Allá por esos años del siglo pasado –los 70–, las artes visuales empezaron a sufrir una serie de cambios que llevaron, entre otras cosas, a la exploración y práctica de formas de expresión y comunicación que muy poco tenía que ver con el detenido –en ese momento– arte de la pintura. Aparecieron entonces obras que tenían más que ver con el momento y espacio performáticos, que con la obra en sí misma. Pensemos en los happenings, pero también en el Land-Art, las instalaciones e intervenciones, obras que no sabríamos de ellas a no ser que fueron registradas por la fotografía o el video. ¿Qué sería del “Salto al Vacío” de Yves Klein del 60 sin la fotografía? Y la pregunta va en doble sentido, no solo porque la caída quedó inmortalizada en la única manera que sería posible, es decir, por una fotografía, sino porque además sabemos que gracias a un truco fotográfico “desapareció” el grupo que estaba esperándolo para amortiguar su llegada a tierra.

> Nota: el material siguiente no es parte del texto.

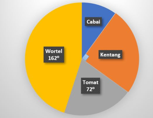 Diagram lingkaran di bawah ini menunjukkan seluruh sayuran milik seorang pedagang.

Actos como este hicieron revalorar el papel testimonial de la fotografía y a aceptarla como si fuera el performance mismo, mejor dicho, como si la fuerza de éste quedara contenida, fijada, en la imagen de la fotografía. Esto más el uso que le empezaron a dar gente como Andy Warhol, Robert Rauschenberg, Richard Hamilton, entre otros tantos factores, terminaron por configurar una nueva mirada para la fotografía, una que la entendiera, también, como expresión artística.